Below are records with pictures; copy word for word only the lines between the line with "Ce collier pour" and the line with "For at du skal", inclusive, and drop the pictures.

── PROVIDED MATERIAL ──

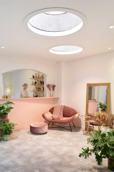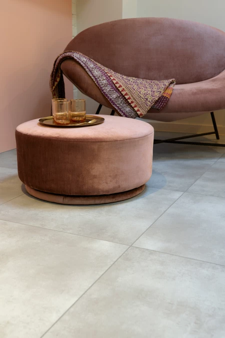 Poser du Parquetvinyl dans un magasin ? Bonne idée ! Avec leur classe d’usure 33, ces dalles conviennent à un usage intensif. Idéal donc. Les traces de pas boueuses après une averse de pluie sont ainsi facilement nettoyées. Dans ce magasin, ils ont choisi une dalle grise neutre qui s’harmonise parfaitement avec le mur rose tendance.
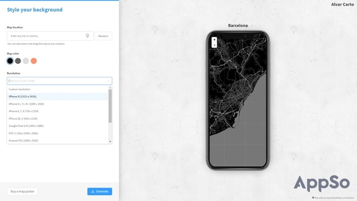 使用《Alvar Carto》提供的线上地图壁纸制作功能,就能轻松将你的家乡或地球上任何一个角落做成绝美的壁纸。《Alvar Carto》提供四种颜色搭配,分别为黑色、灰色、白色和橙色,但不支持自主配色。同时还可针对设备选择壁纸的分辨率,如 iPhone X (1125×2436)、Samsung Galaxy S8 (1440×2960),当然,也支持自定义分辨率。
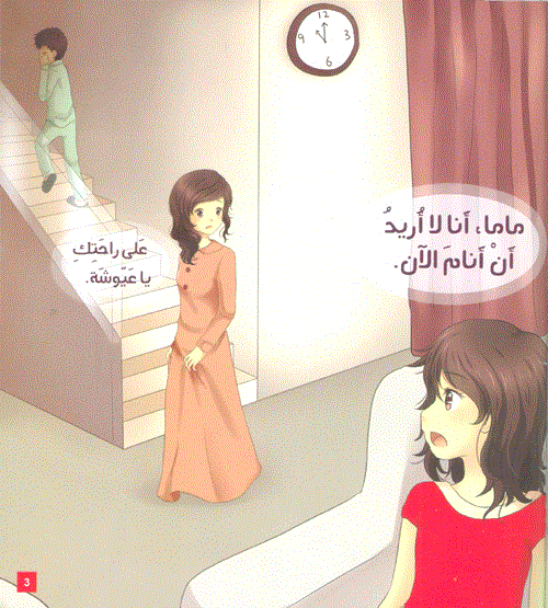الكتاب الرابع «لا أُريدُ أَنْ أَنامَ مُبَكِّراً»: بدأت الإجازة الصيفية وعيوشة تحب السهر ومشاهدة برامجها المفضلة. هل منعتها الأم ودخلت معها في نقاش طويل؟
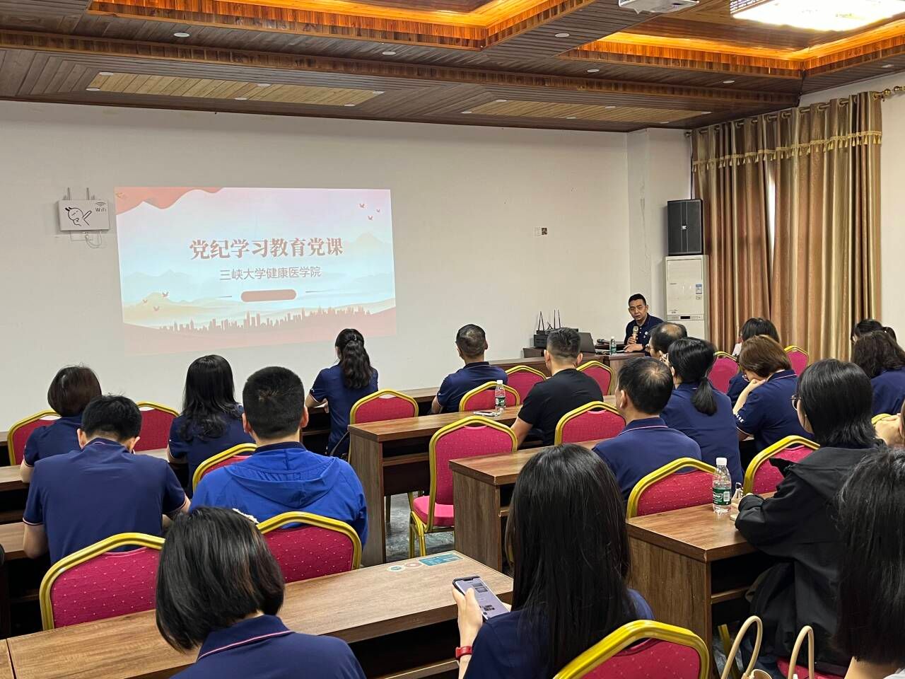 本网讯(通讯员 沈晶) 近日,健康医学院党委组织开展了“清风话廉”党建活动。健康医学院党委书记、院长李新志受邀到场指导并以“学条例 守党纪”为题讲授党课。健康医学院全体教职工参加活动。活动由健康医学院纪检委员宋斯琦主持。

───
── PROVIDED MATERIAL ──

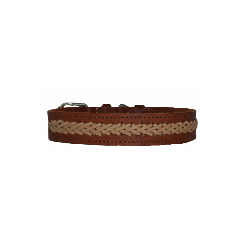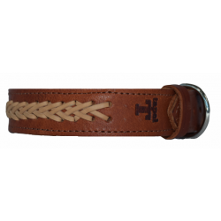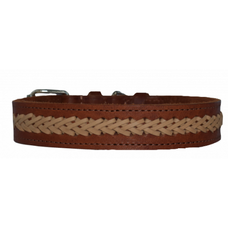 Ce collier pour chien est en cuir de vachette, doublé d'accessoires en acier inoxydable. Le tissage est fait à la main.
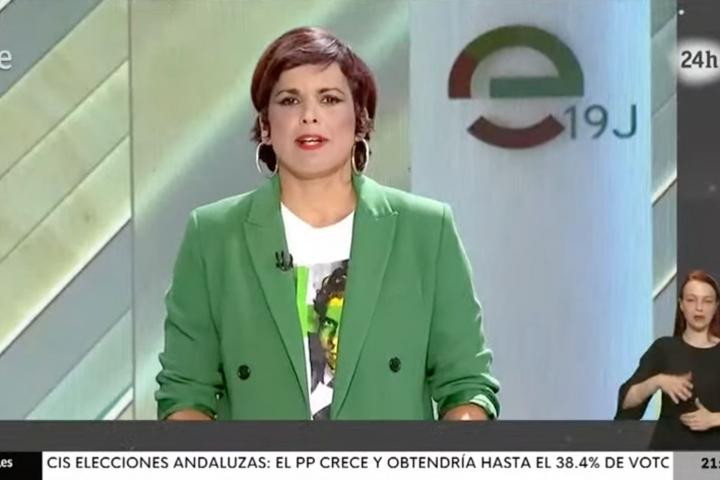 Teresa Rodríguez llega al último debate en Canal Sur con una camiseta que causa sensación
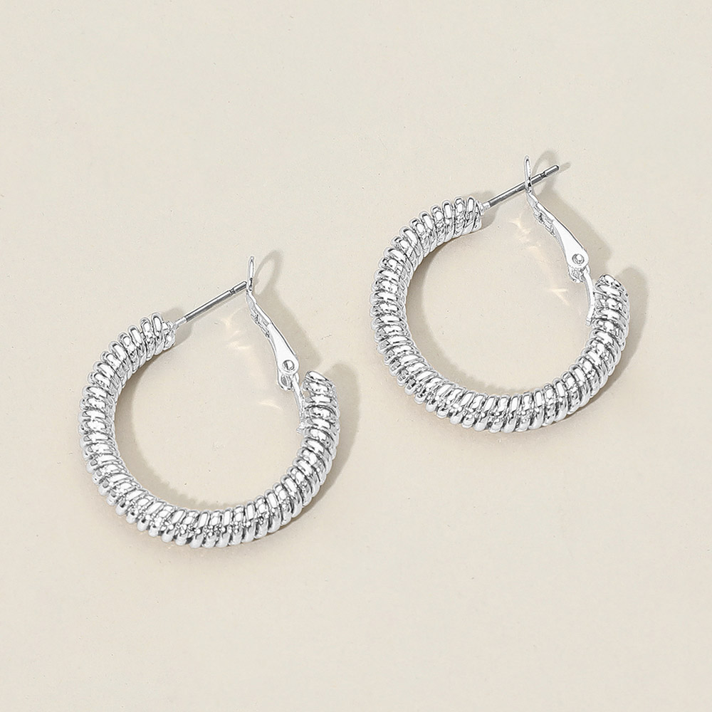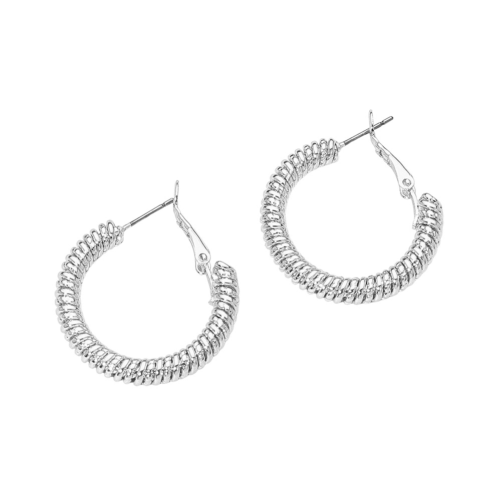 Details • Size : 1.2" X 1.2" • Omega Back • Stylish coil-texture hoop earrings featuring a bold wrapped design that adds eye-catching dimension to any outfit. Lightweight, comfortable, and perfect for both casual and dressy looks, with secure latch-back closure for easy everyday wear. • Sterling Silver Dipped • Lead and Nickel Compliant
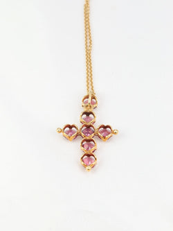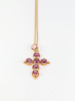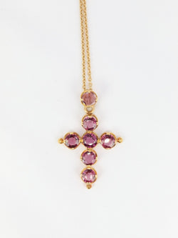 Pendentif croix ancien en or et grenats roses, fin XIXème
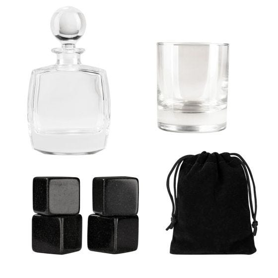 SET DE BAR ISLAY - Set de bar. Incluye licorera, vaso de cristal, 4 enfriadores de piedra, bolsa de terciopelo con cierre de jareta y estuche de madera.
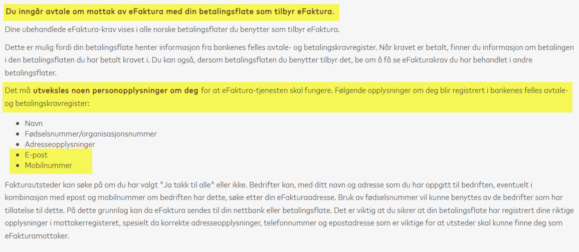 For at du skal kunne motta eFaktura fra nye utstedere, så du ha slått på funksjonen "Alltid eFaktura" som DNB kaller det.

───

- _TASK SOLUTION_
 Ce collier pour chien est en cuir de vachette, doublé d'accessoires en acier inoxydable. Le tissage est fait à la main.
 Teresa Rodríguez llega al último debate en Canal Sur con una camiseta que causa sensación
 Details • Size : 1.2" X 1.2" • Omega Back • Stylish coil-texture hoop earrings featuring a bold wrapped design that adds eye-catching dimension to any outfit. Lightweight, comfortable, and perfect for both casual and dressy looks, with secure latch-back closure for easy everyday wear. • Sterling Silver Dipped • Lead and Nickel Compliant
 Pendentif croix ancien en or et grenats roses, fin XIXème
 SET DE BAR ISLAY - Set de bar. Incluye licorera, vaso de cristal, 4 enfriadores de piedra, bolsa de terciopelo con cierre de jareta y estuche de madera.
 For at du skal kunne motta eFaktura fra nye utstedere, så du ha slått på funksjonen "Alltid eFaktura" som DNB kaller det.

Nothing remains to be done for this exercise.